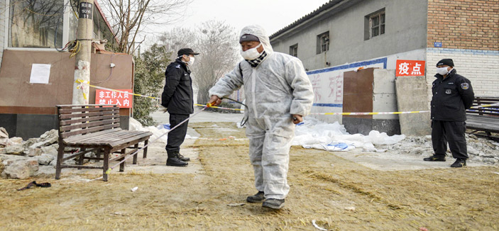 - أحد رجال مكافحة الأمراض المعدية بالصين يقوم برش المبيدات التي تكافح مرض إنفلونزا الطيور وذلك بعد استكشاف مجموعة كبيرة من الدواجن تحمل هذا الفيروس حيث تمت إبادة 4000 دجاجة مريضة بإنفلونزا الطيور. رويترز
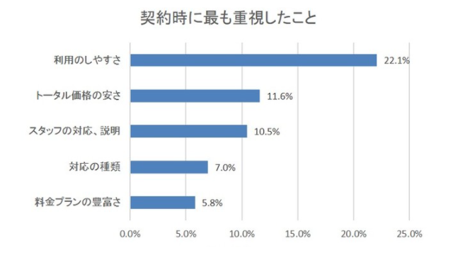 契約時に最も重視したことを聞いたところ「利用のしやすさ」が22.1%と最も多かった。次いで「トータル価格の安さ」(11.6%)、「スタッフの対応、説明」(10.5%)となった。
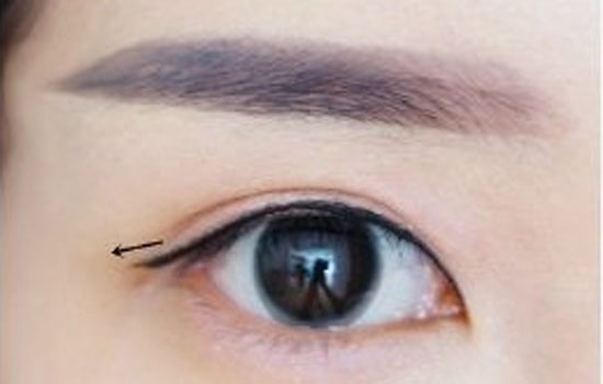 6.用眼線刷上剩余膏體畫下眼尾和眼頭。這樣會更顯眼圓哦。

TASK DESCRIPTION — Transcribe the whole listing exactly. Pictures stay out of your copy.

SOLVED EXERCISE —
 - أحد رجال مكافحة الأمراض المعدية بالصين يقوم برش المبيدات التي تكافح مرض إنفلونزا الطيور وذلك بعد استكشاف مجموعة كبيرة من الدواجن تحمل هذا الفيروس حيث تمت إبادة 4000 دجاجة مريضة بإنفلونزا الطيور. رويترز
 契約時に最も重視したことを聞いたところ「利用のしやすさ」が22.1%と最も多かった。次いで「トータル価格の安さ」(11.6%)、「スタッフの対応、説明」(10.5%)となった。
 6.用眼線刷上剩余膏體畫下眼尾和眼頭。這樣會更顯眼圓哦。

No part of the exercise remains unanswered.